## WHAT NEEDS TO BE DONE
Leave out every picture, then transcribe the rest of the listing exactly.

## GIVEN INFORMATION
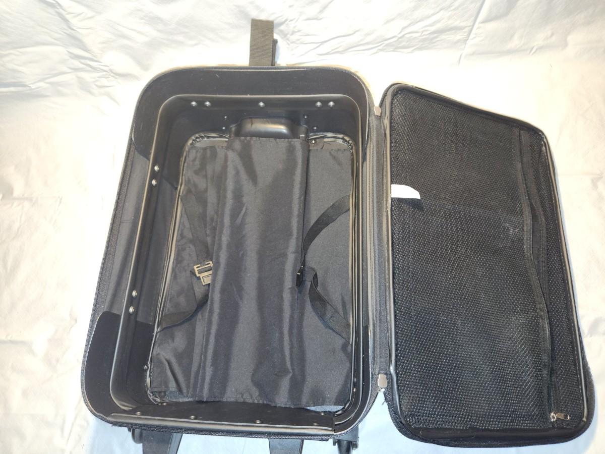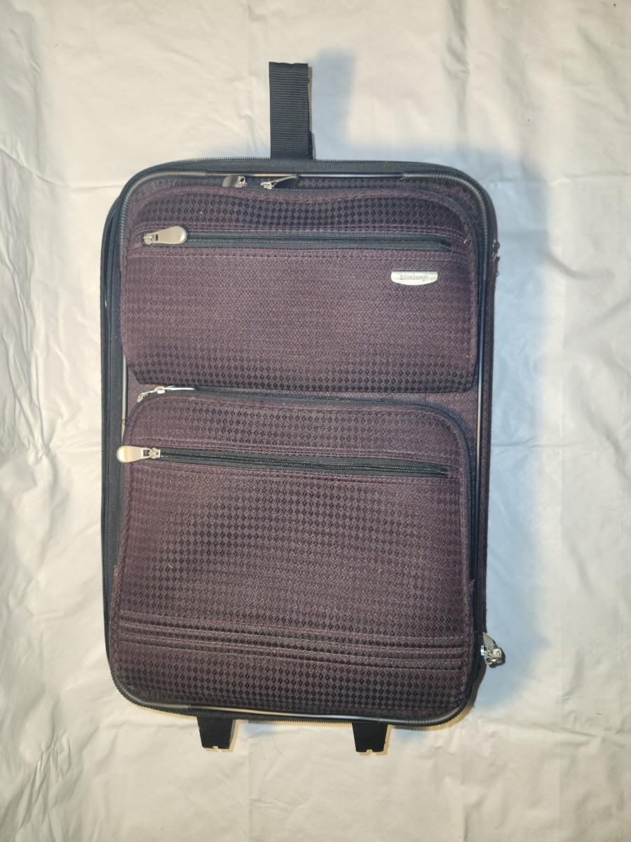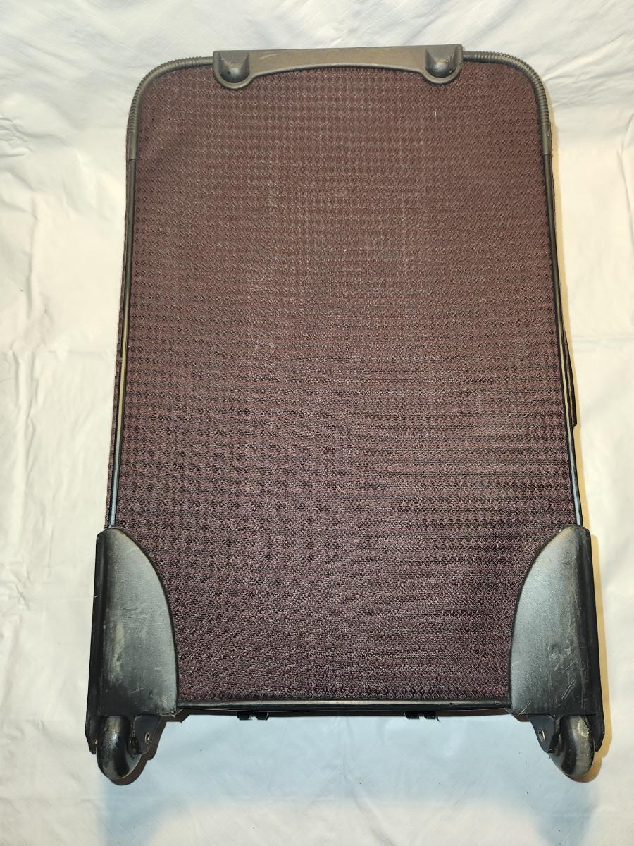 About 2 ft. Multiple storage pockets. Nothing wrong with it.
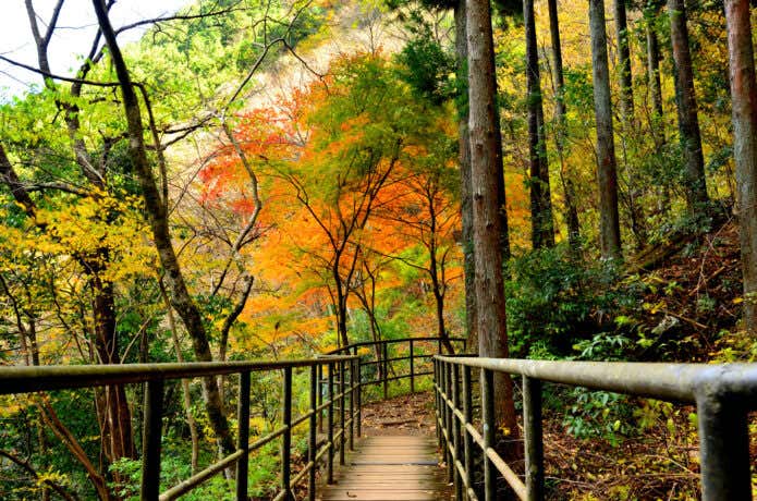 その先に現れる鳩ノ巣小橋は、このコース屈指の絶景ポイント。新緑の季節はみずみずしい緑が、紅葉の季節は渓谷全体が赤や黄色に染まり、まるで絵画のような風景が広がります。
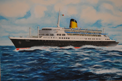 Portuguese passenger liner FUNCHAL painted by the Portuguese marine painter José Manuel Mota Pimenta and included in the exhibition commemorative of FUNCHAL 50 years of service under the original name. Exhibition promoted by CEN - Madeira Ship Club inaugurated on 28 November at the Funchal City Hall with doors open until 9 December 2011.
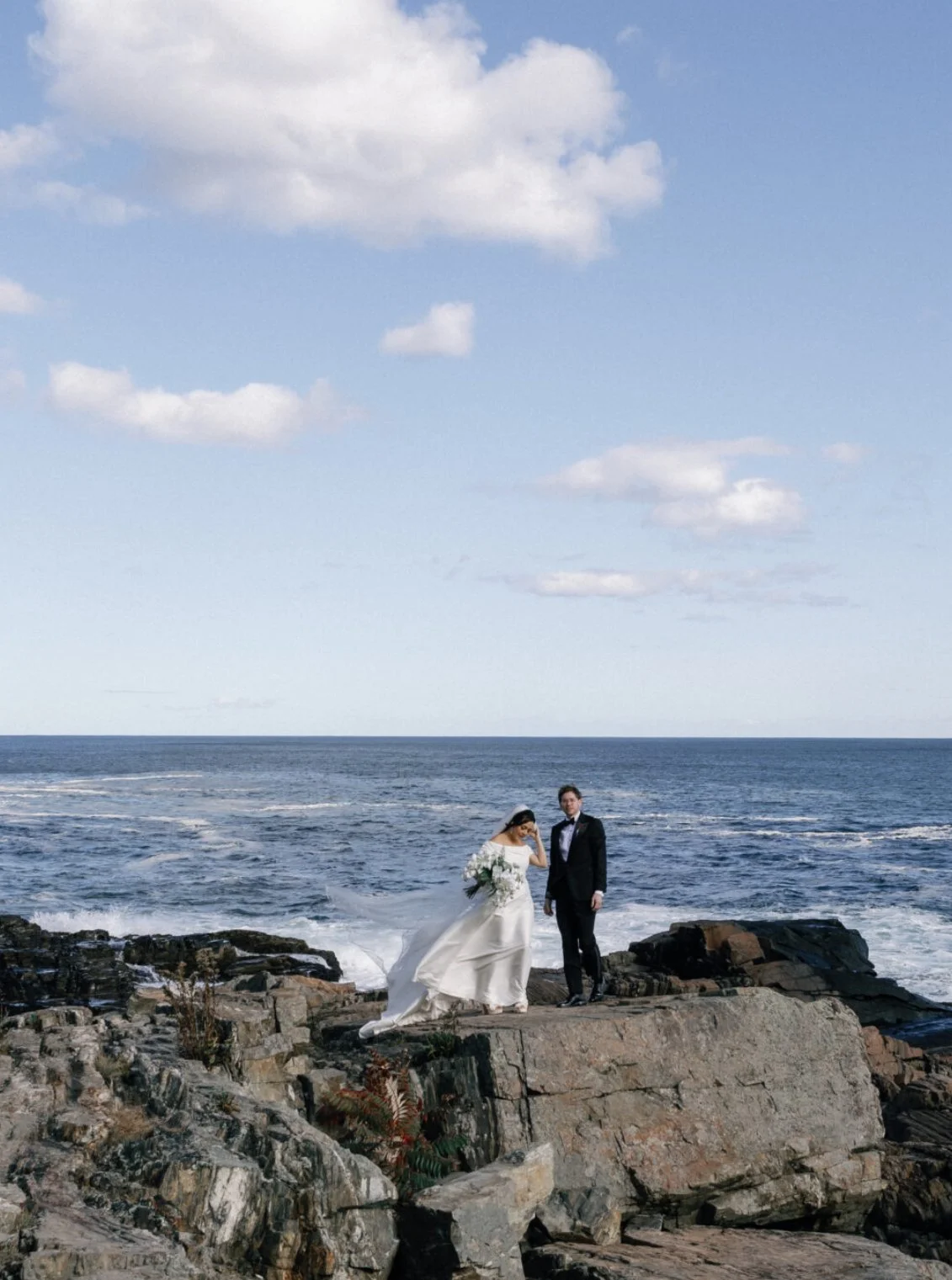 For Madeline & Charlie’s fall coastal wedding, Madeline wore the Cortlan Gown by Louvienne from Lovely Bride, paired with our cathedral length Madeleine Veil with a blusher. The two were married on October 8th, 2023 at Cliff House in Cape Neddick, Maine.

## THE COMPLETED TASK
 About 2 ft. Multiple storage pockets. Nothing wrong with it.
 その先に現れる鳩ノ巣小橋は、このコース屈指の絶景ポイント。新緑の季節はみずみずしい緑が、紅葉の季節は渓谷全体が赤や黄色に染まり、まるで絵画のような風景が広がります。
 Portuguese passenger liner FUNCHAL painted by the Portuguese marine painter José Manuel Mota Pimenta and included in the exhibition commemorative of FUNCHAL 50 years of service under the original name. Exhibition promoted by CEN - Madeira Ship Club inaugurated on 28 November at the Funchal City Hall with doors open until 9 December 2011.
 For Madeline & Charlie’s fall coastal wedding, Madeline wore the Cortlan Gown by Louvienne from Lovely Bride, paired with our cathedral length Madeleine Veil with a blusher. The two were married on October 8th, 2023 at Cliff House in Cape Neddick, Maine.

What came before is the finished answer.